Trained in the craft-arts, my work and interests have always centered on objects and materials. Early on, my focus was on metalsmithing and woodworking with a commitment to the field of contemporary jewelry.  These days, my work shows the influences of printmaking, graphic design, textile practices and a continued appreciation for everyday objects and vernacular regional culture.  In this, I see the responsiveness of my work to my recent environment: immersive, interdisciplinary studio-based programs situated in the Midwest.  

Studio practice has served as a counter-balance to the analytical, strategic and interpersonal work of educational leadership.  My studio-life now turns to quicker, eased-up ways, trusting an accumulation of education and professional work.  Influences percolate to the surface gently and obliquely and I find myself working from trained instinct rather than strict intention.

 

ON PAPER BAG WEAVINGS AND MIDWESTERN GARAGE PRINT SERIES

Both of these series use modest, direct means to pursue ideas about regional identity and local character.

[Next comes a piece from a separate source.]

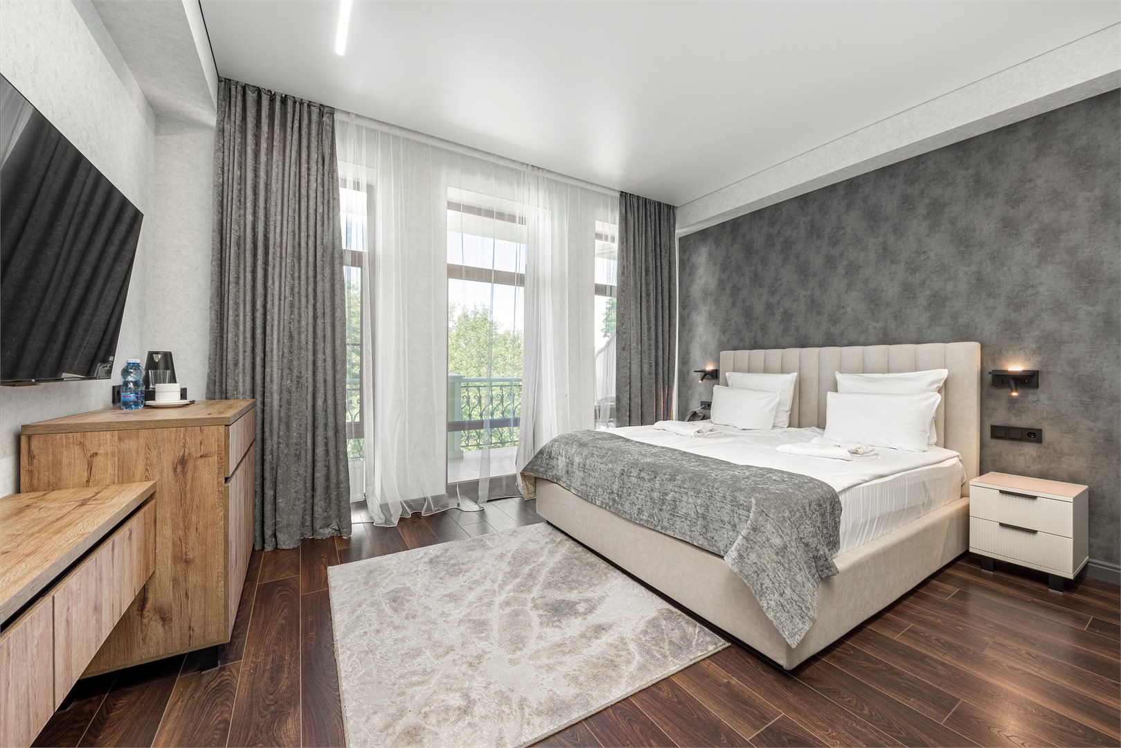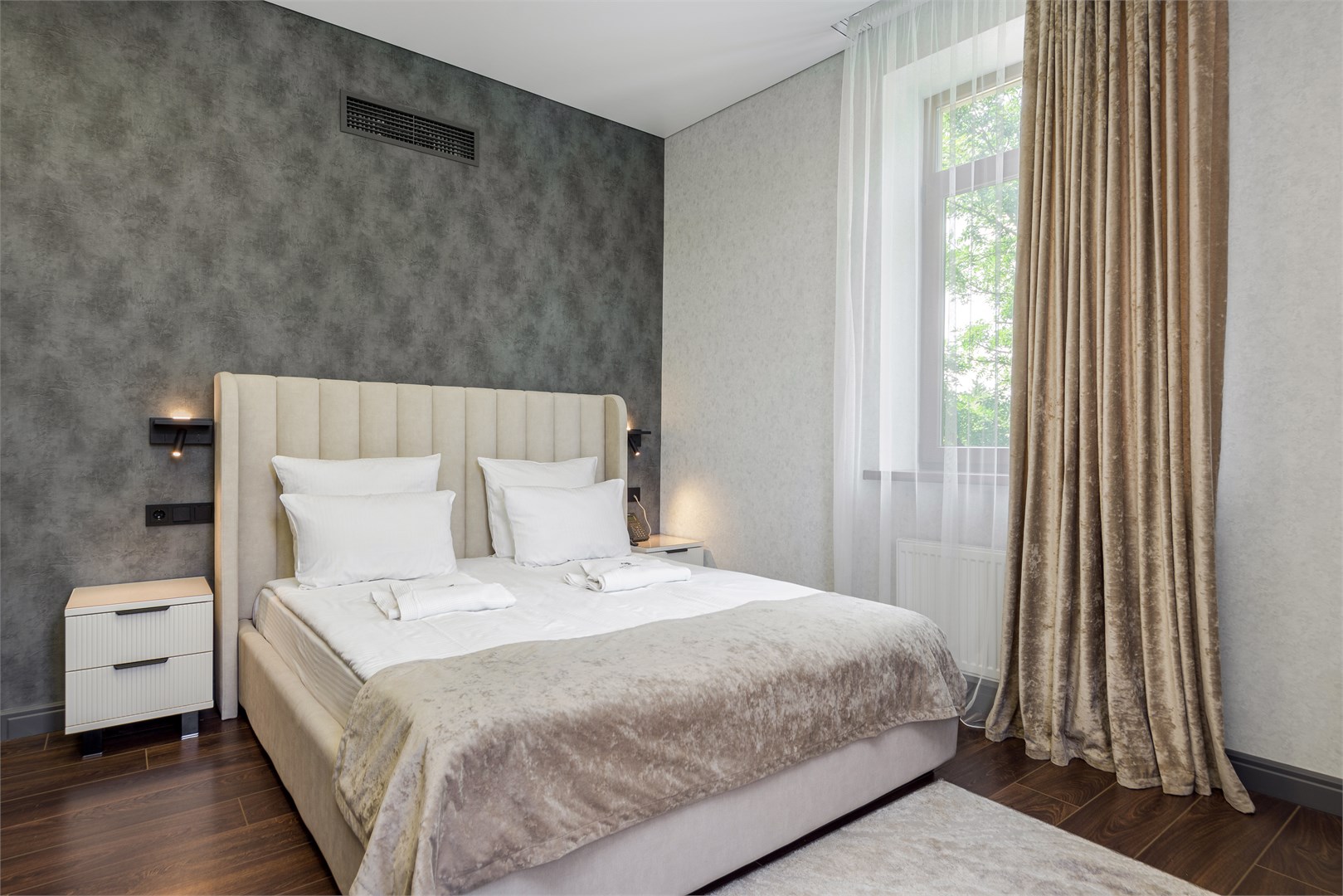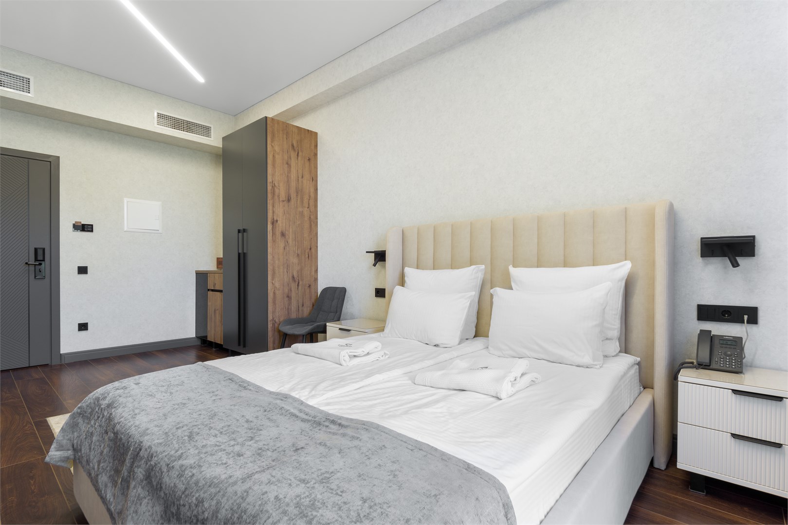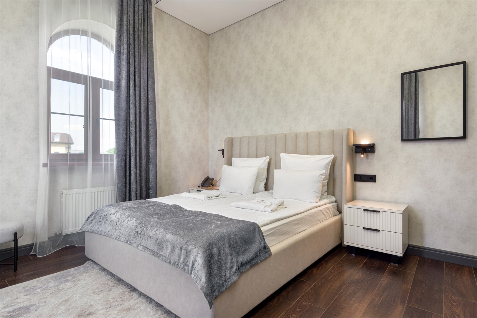 вешалка: ; зеркало: ; кровать двуспальная: ; прикроватные тумбочки: ; стол: ; стулья: ; шкаф: ;

As a politically engaged person, I look for the qualities of the ‘local’, as a way to reflect on the political implications of the ‘national’. For this work, my focus was the Midwest; and my research done through road-travel and within my own community. Using print-based and craft-based practices allows my ideas and materials to be directly linked. My materials are in the local groceries stores of Kansas City; Ames, Iowa; Fenton, Michigan. My object-vocabulary comes from Detroit-area estate sales, thrift stores in Des Moines and hardware stores in Lincoln, Nebraska. My inspirations for pattern and composition are the views from the highways: the modernist designs of Nebraska’s I80 rest areas, the patterns of Iowa’s new windmills against its long-planted fields. My work uses objects and materials directly – woven grocery bags, inked flyswatters and milk crates – as a way to discover the meanings in modest things and the possibilities for reconsidering them. In this, I look for ways to recognize our immediate surroundings and their implications.  

This work takes my research into the terrain of American households, local communities and regional identity through the franchise, the small business narrative, success and failure. This could be seen as a grand narrative, but rather than grand, I am interest in the modest, the small-potatoes, the low stakes. The Midwest has captured me as a vehicle for this set of interests.